Comment un fournisseur de services gérés peut-il démontrer sa conformité aux normes ISO 27001 et RGPD à chaque client sans réaliser un audit distinct pour chaque client ?
Créer dossiers de preuves standardisés À partir de votre système ISMS central, ajoutez une couche légère spécifique au locataire afin de pouvoir répondre systématiquement à la question « Que faites-vous pour nos données ? » sans avoir à programmer un nouvel audit pour chaque client qui pose la question.
Comment passer de réponses ponctuelles à une assurance reproductible au niveau du locataire ?
Assembler un réutilisable ensemble de preuves de base par exemple, depuis votre système de gestion de la sécurité de l'information :
- Un ISMS clair énoncé de portée ce document explique quels services, systèmes et sites sont concernés.

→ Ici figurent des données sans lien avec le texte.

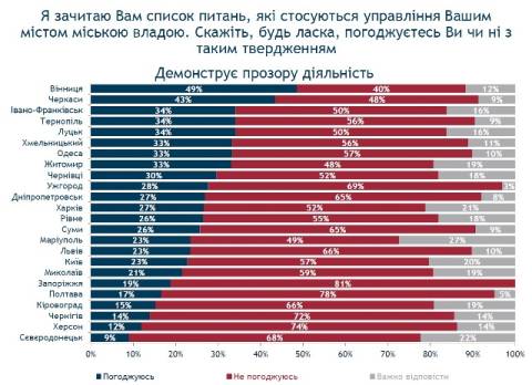 66% львів'ян вважають непрозорою діяльність міськради, 23% – навпаки. 68% мешканців, проти 19%, переконані, що міська рада не долучає громадськість до процесу прийняття рішень до рішень та не забезпечує якісний документообіг (47%).

- Politiques clés telles que la sécurité de l'information, le contrôle d'accès, la gestion des incidents, la gestion des fournisseurs et la continuité des activités.
- Une description concise de vos modèles de location, de votre intégration de type Annexe L avec les cadres connexes (par exemple, la gestion de la qualité ou des services) et de la manière dont les contrôles partagés protègent les données personnelles.
- Exemples d’incidents traités, d’examens d’accès, de tests de sauvegarde et de restauration, et de conclusions d’audits internes relatifs aux contrôles interlocataires.
- Un concentré matrice des rôles et responsabilités Résumé des fonctions du contrôleur/traiteur, des responsabilités en matière d'opérations de sécurité et des attentes en matière de signalement des incidents.
Ensuite, pour chaque locataire ou niveau de risque, ajoutez un bref complément détaillant les services utilisés, l'emplacement des données pertinentes, le niveau de risque, les exigences réglementaires ou contractuelles supplémentaires, ainsi qu'une vue filtrée des incidents, des contrôles d'accès et des tests de continuité qui lui sont applicables. Vous démontrez ainsi comment votre système de gestion de la sécurité de l'information (SGSI) partagé et les contrôles de l'annexe A s'appliquent. spécifiquement à leur environnement sans exposer les données des autres clients.
Alignez votre plan d'audit interne sur ce modèle en vous concentrant sur contrôles interlocataires Il est préférable de procéder à un échantillonnage des locataires de chaque niveau plutôt que de proposer un audit complet et personnalisé à chaque client. Définissez un modèle standard pour les évaluations initiées par les clients sur les plateformes partagées afin de pouvoir prendre en charge les évaluations par des tiers sans compromettre les autres locataires ni fragmenter votre système de gestion de la sécurité de l'information (SGSI).
Lorsque les énoncés de portée, les politiques, les modèles de location, les journaux et les rapports sont centralisés dans un système unique tel que ISMS.online, vous pouvez générer rapidement des preuves exploitables par les locataires à mesure que les services, les emplacements et la réglementation évoluent. Cela vous permet de rassurer vos clients, prospects et auditeurs quant à la conformité, en démontrant qu'il s'agit d'un système de gestion de la sécurité de l'information multi-locataire opérationnel et non d'un ensemble de documents que vous devez rassembler à la hâte à chaque nouvelle demande de contrat important ou de vérification préalable.